▸ Problem to solve
Give back every line of the material below exactly, but no images.

▸ Available records
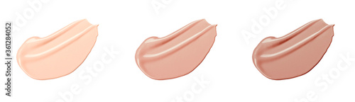 Set of delicate tonal Foundation smears for different skin colors on white background isolated. Light beige smudge of tone. Pastel shades of BB cream. Cosmetic product for makeup and skin care. Banner
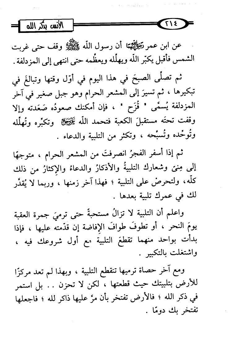 ثم إذا أسفر الفجرُ انصرفتَ من المشعر الحرام، متوجهًا إلى مِنىَ وشعارك التلبيةُ والأذكارُ والدعاءُ والإِكثارُ من ذلك كلّه، ولتحرصْ على التلبية. فهذا آخر زمنها، وربما لا يُقدَّر لك في عمرك تلبية بعدها.
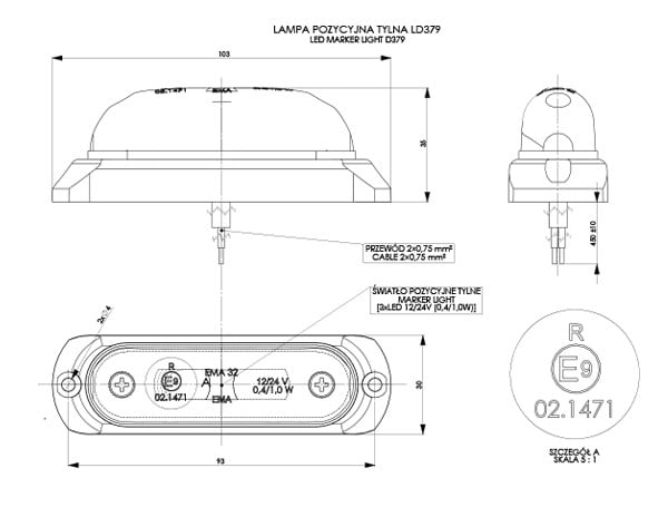 Lampa obrysowa owalna czerwona z podkładką gumową
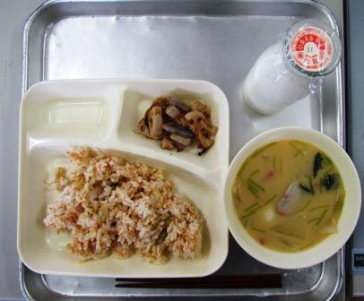 1月8日の給食は正月の行事献立「さけちらし、ぞう煮、焼きれんこん、牛乳」が登場しました。
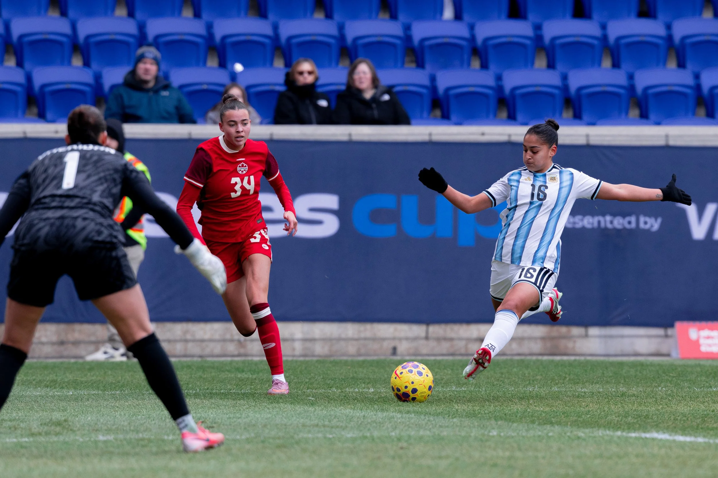 Argentina soon settled into the match and created several half-chances of their own. A sharp strike from Catalina Ongaro forced Sheridan into an early save, while a direct free kick from Sofía Domínguez later required another confident stop from the Canadian keeper.

▸ Response to the exercise
 Set of delicate tonal Foundation smears for different skin colors on white background isolated. Light beige smudge of tone. Pastel shades of BB cream. Cosmetic product for makeup and skin care. Banner
 ثم إذا أسفر الفجرُ انصرفتَ من المشعر الحرام، متوجهًا إلى مِنىَ وشعارك التلبيةُ والأذكارُ والدعاءُ والإِكثارُ من ذلك كلّه، ولتحرصْ على التلبية. فهذا آخر زمنها، وربما لا يُقدَّر لك في عمرك تلبية بعدها.
 Lampa obrysowa owalna czerwona z podkładką gumową
 1月8日の給食は正月の行事献立「さけちらし、ぞう煮、焼きれんこん、牛乳」が登場しました。
 Argentina soon settled into the match and created several half-chances of their own. A sharp strike from Catalina Ongaro forced Sheridan into an early save, while a direct free kick from Sofía Domínguez later required another confident stop from the Canadian keeper.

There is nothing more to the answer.